By Tim Pearce. Media: DailyWire.
Attorney General Merrick Garland appointed attorney Robert Hur to take over a Department of Justice inquiry into the handling of batches of classified documents found at President Joe Biden’s private D.C. office and Wilmington, Delaware, home.
Garland announced his decision to appoint Hur at a press conference on Thursday, one day after news broke of a second batch of classified documents found stashed in the garage and an adjoining room of Biden’s Wilmington home. The first stash consisting of 10 documents was reported earlier this week after being found by a personal attorney of the president in Biden’s office at the Penn Biden Center in Washington, D.C.
“I will conduct the assigned investigation with fair, impartial, and dispassionate judgment. I intend to follow the facts swiftly and thoroughly, without fear or favor, and will honor the trust placed in me to perform this service,” Hur said in a statement Thursday.
Garland tapped Hur on the recommendation of John Lausch, the U.S. attorney for Chicago. Lausch began a preliminary inquiry into the handling of the documents, reportedly from Biden’s time as vice president, after Garland tapped him on November 14, 12 days after 10 classified documents were found in Biden’s D.C. office on November 2.
Hur is a former federal prosecutor who has worked at the Department of Justice under Democratic and Republican administrations. He will leave his current role as partner at the law firm of Gibson, Dunn, and Crutcher where he heads groups specializing in white-collar defense and national security, according to his biography.
Hur last served in government as the U.S. attorney for the District of Maryland, a post for which he was nominated by former President Donald Trump.

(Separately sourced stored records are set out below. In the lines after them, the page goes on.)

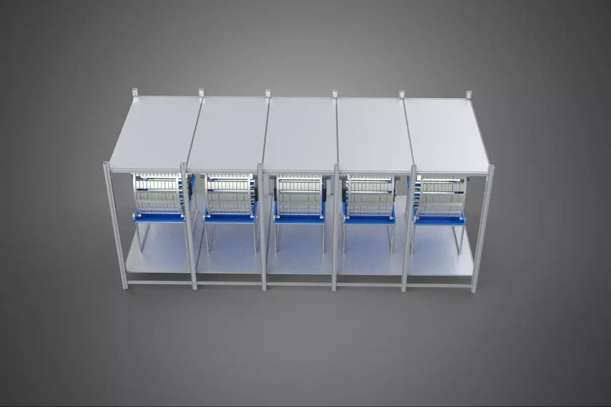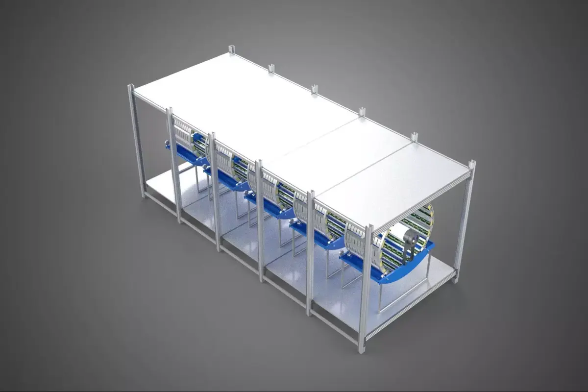 The Frame Array Row Shelf Rack component refers to the robust, multi-level structural support system. Typically constructed from durable, corrosion-resistant materials such as aluminum, stainless steel, or treated steel, this framework is engineered for stability, longevity, and often modularity, allowing for scalability and customizable configurations. Plants are cultivated within individual trays, which are precisely integrated into the shelves or racks. These trays are specifically designed to hold plant roots and nutrient solutions, facilitating easy handling, cleaning, and rotation. The systematic arrangement in rows and shelves or racks enables high-density planting and efficient utilization of vertical space, a hallmark of vertical farming methodologies.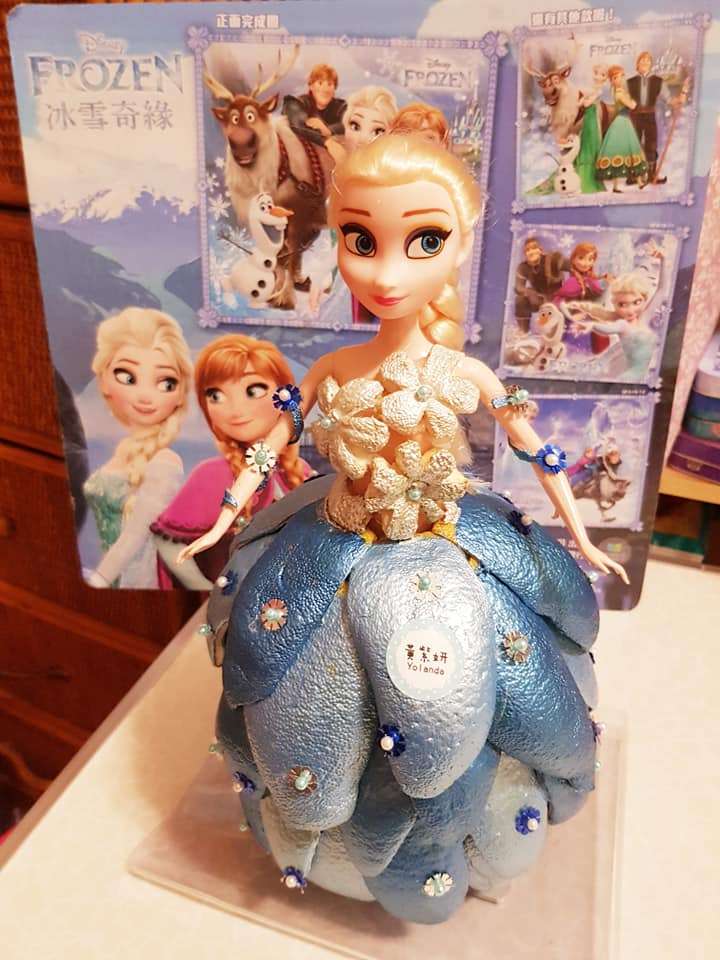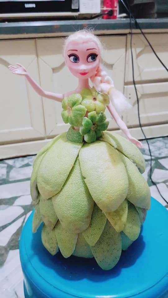 2018年09月18日距離中秋節的日子已經越來越近,許多家庭都開始吃柚子。幼兒園老師也因此要求小朋友可以用柚子皮發揮創意,交出充滿想像力的手作。「爆廢公社」一名媽咪黃詩涵就上傳了自己和女兒完成的神創意作品,「穿柚子裙的艾莎女王」!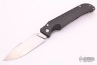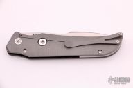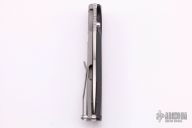 This Ranger from Jason Guthrie features a hand rub satin finish drop point harpoon blade with swedge, single thumb stud and notched thumbrest. The handle is comprised of a carbon fiber and textured and bead blasted titanium frame over a floating titanium backspacer, tip up pocket clip. Numbered 71 inside frame. Excellent condition.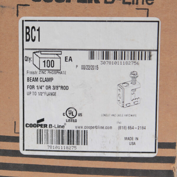 The Cooper B-Line BC1 is a high-strength conduit to beam fastener designed for securely attaching conduit to beams and flanges up to 1/2 inch thick. Made from spring steel, the BC1 fastener provides strong holding power while maintaining flexibility to allow for secure yet easy installation. It is UL-listed for use in both the U.S. and Canada, meeting rigorous safety and performance standards. With a 100-pound load capacity, it is suitable for supporting conduit in a wide range of industrial and commercial electrical installations. This model comes in a standard package of 100 pieces for bulk use in large-scale projects.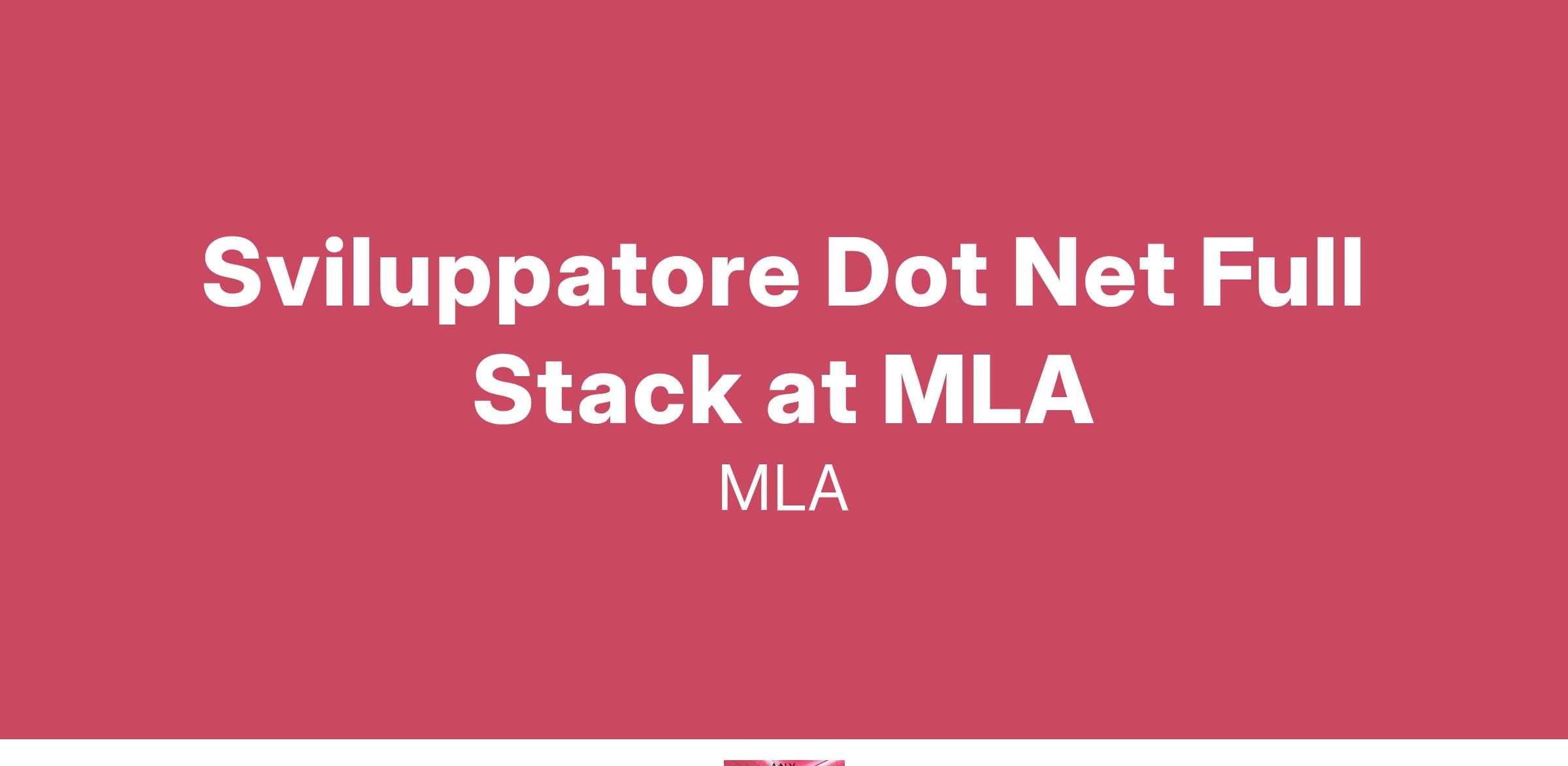 Sviluppatore Dot Net Full Stack at MLA

He received unanimous approval from the Senate. Hur served as the chief federal prosecutor for Maryland from April 2018 to February 2021 when President Joe Biden asked almost every federal prosecutor picked by Trump to resign.
Prior to serving as U.S. attorney for Maryland, Hur worked in the DOJ as then-Deputy Attorney General Rod Rosenstein’s right hand, helping Rosenstein manage the day-to-day activity of the Justice Department and acting as Rosenstein’s “point person” overseeing then-special counsel Robert Mueller’s investigation into the Russian collusion hoax of the 2016 election, Rosenstein told CNN.
Hur “was my point person and he had biweekly meetings with Mueller’s team and then briefed me on the progress of the Russian special counsel investigation,” Rosenstein said. “So he has seen that firsthand and he knows that you need not to be influenced by politics and make decisions based on fact and the law and the Department of Justice policy, and I think we can count on Rob to do that.”
From 2007 to 2014, Hur worked as an assistant U.S. attorney in Maryland when Rosenstein had the job as the state’s top federal prosecutor. From 2003 to 2005, Hur worked at the DOJ as counsel and special assistant before serving as counsel to current FBI Director Christopher Wray, then serving as assistant attorney general in charge of the DOJ’s criminal division.
Hur attended Harvard College for undergrad before receiving a law degree from Stanford Law School in 2001. He clerked for Ninth Circuit Judge Alex Kozinski and former Supreme Court Chief Justice William Rehnquist.